Reaching Your Secondary Audience

30826_vintage_microphoneJust out of high school, I worked as a pitchman. My job was to speak about products in a compelling way as to make the audience want to purchase what I was presenting. I would set up at flea markets and festivals attempting to draw the largest crowds I possibly could. The larger the group, the more I sold. The lessons I learned from this job have been invaluable to me in ministry.

One such lesson that I am often reminded of is that the immediate audience is not always the primary audience. The hardest part of developing a crowd is getting permission to begin a presentation. Permission was granted when I could get one interested party to stop and listen to my presentation. What I found most interesting is that the person who purchased my product was usually not the one who gave me permission to present. Instead, my sales generally came from the onlooker, the person who joined the presentation late and listened from a distance. My immediate audience, the one who gave me permission to begin, rarely became my customer. My customer was the secondary audience.

The same is true in ministry. In youth ministry, we have our primary audience: our students, parents, and families that are part of the church. We can have a positive impact on them for Jesus. My experience though is that when our primary audience gives us permission, and we seek to do our presentation well, then a door is opened to the curious onlookers. These onlookers are many times the ones that we get the opportunity to share the gospel with for the very first time. These onlookers or secondary audience can quickly become our “customers” as we share the good news of the resurrection.

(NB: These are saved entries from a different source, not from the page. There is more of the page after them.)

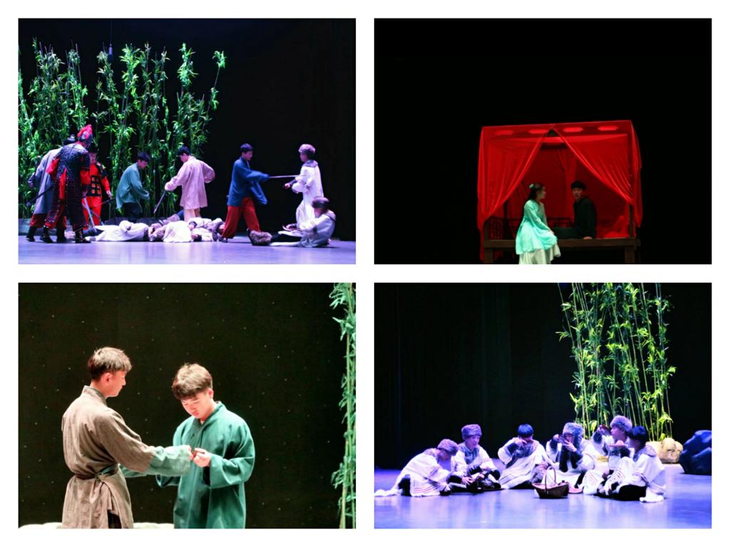 “戏如人生,人生如戏”。在去年的戏剧节上,我院学子在缤果大剧院的舞台上倾情演出戏剧《钓鱼城之王立》。他们的表演为我们展现了不一样的艺术魅力,其魅力是戏剧本身的艺术风貌,是演员们在舞台上的情感倾述,是观众收获到的独特体验,是同学们背后日以继夜的辛苦付出。为了呈现最好的表演,同学们早在一个月前就开始紧张的排练。绕口的台词,饱满的情绪,动作的设计。一次又一次的摸索,反反又复复的背词,日日又夜夜的练习,从黄昏夜幕到晨曦鸟鸣。最终披上戎装,忠君为国、杀身成仁,演绎一代英雄传奇!品一出戏剧解苦恼烦事,哼一两句享人生趣事。一年过后,王立的故事依然在商院述说着。演员们用自己独特的艺术语言诠释校园戏剧节,为同学们重塑对戏剧节的全新认知。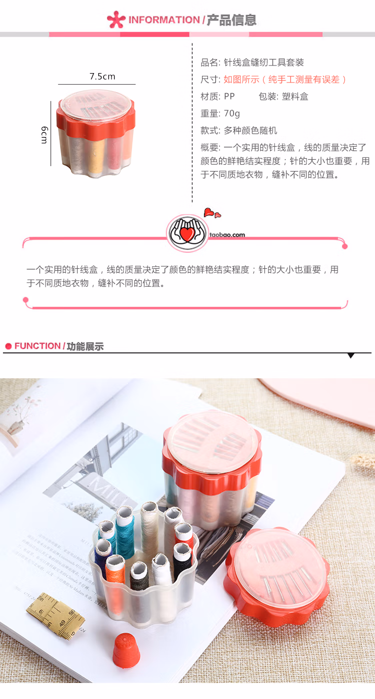 家用针线盒套装手缝便携式小型针线包女学生宿舍塑料线盒子2个装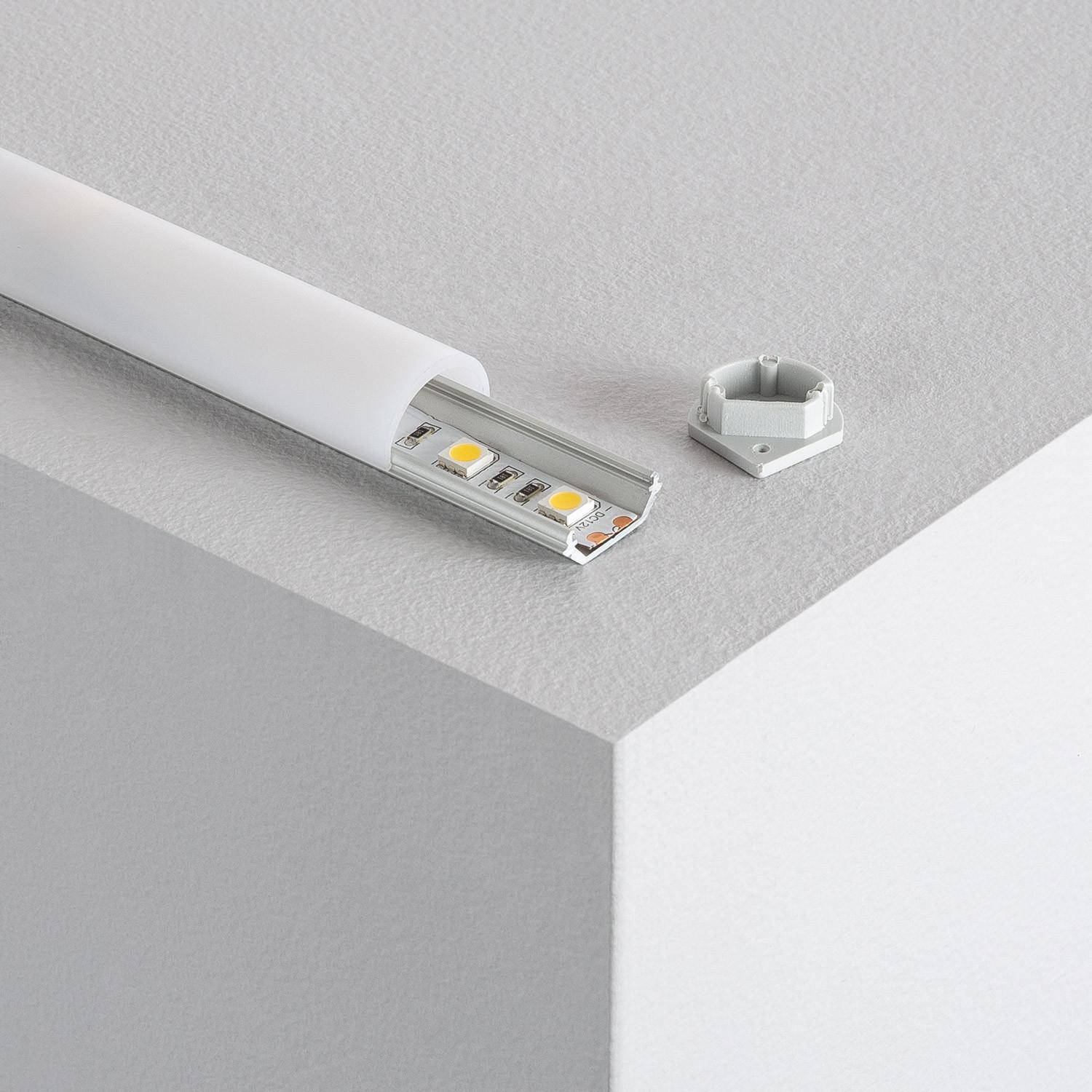 Perfil Aluminio Esquina 1m con Tapa Circular para Tiras LED hasta 10 mm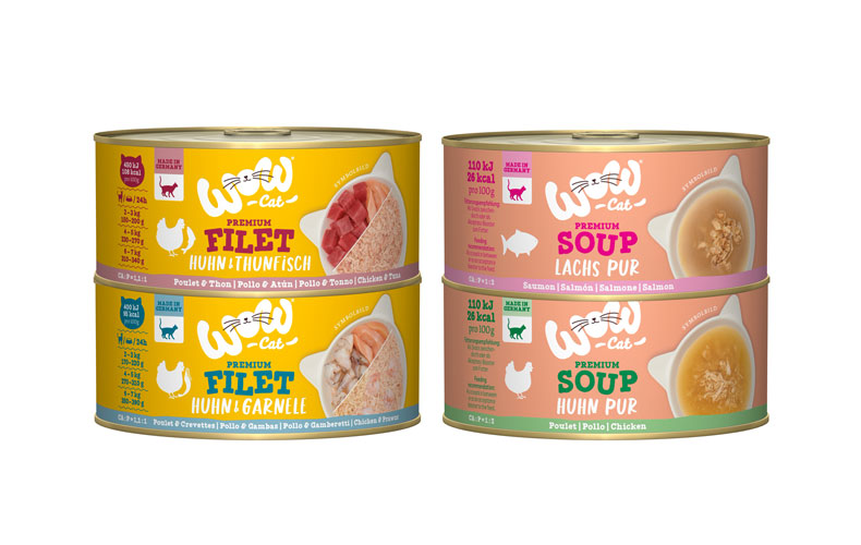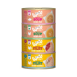Zarte Filetstücke in natürlichem Saft bringen selbst wählerische Samtpfoten zum Schnurren – genauso wie feinschmeckende Suppen, bestehend aus intensiver Hühner- oder Lachsbrühe mit zarten Filetstückchen. Die ideale Ergänzung als Snack zwischendurch oder als Akzeptanz-Booster übers Futter.
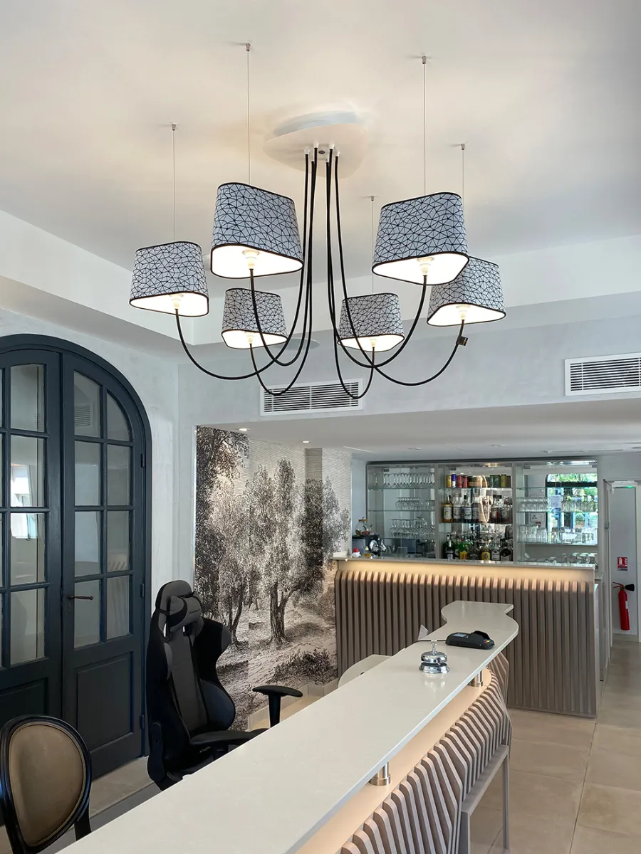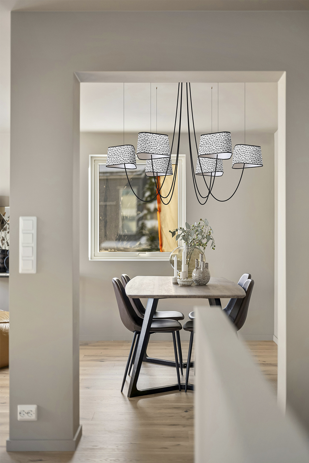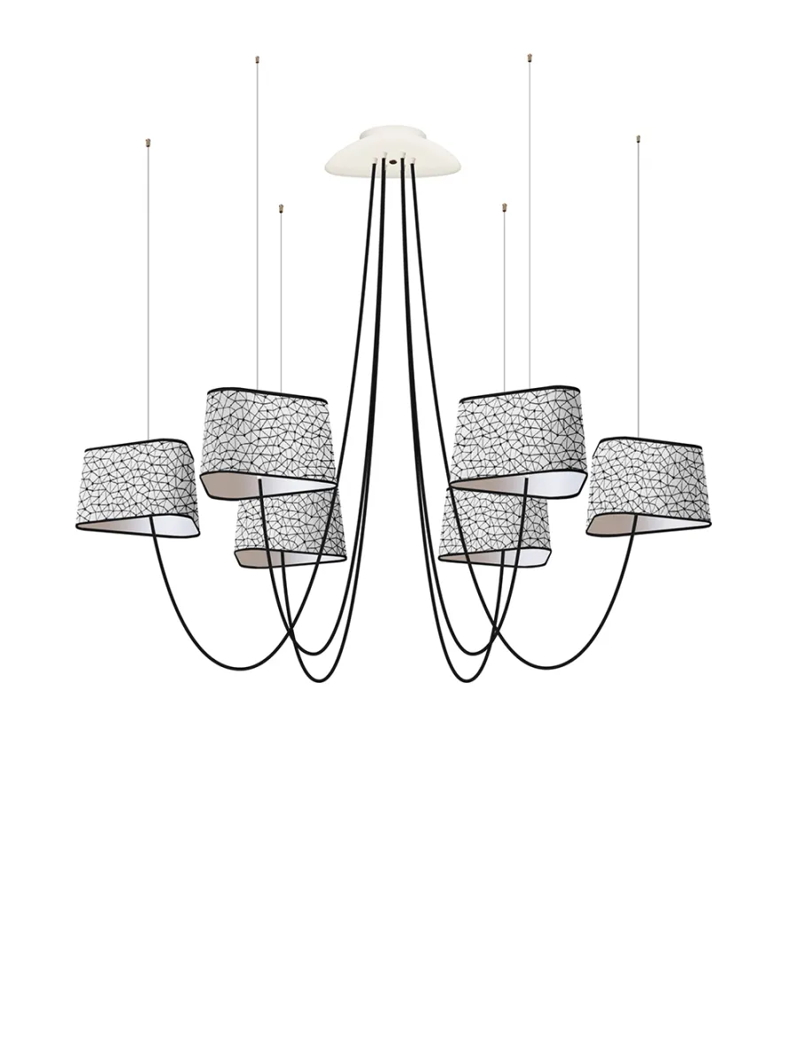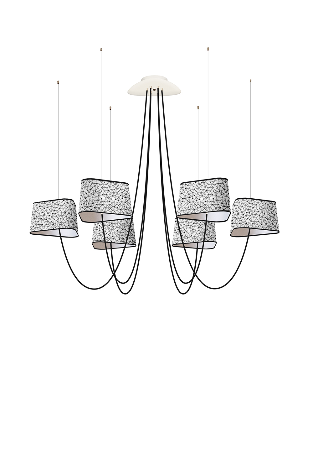 Il se compose de 6 abat-jours de taille moyenne en tissu blanc à motifs noirs à l’extérieur et blanc à l’intérieur, chacun alimentés par des cordons en textile doré décoratifs montés sur une patère blanche. Son éclairage apporte une lumière bien particulière, découpant l’espace de façon architecturale.

A friend once shared with me that he was praying with a church member who was in the hospital. The nurse came into the room and asked to speak with my friend. He was worried because he often prayed loudly and was certain that she was going to tell him to keep it down. Instead, the nurse said that her other three patients heard his prayer from their rooms. They all wanted to know if he would also come to pray with them.

Friends, may we not shy away from our calling. May we seek to do well in our presentations, whatever they may be so that we are presented with more opportunities to speak to this secondary audience. After all, the second audience is ripe for the harvest!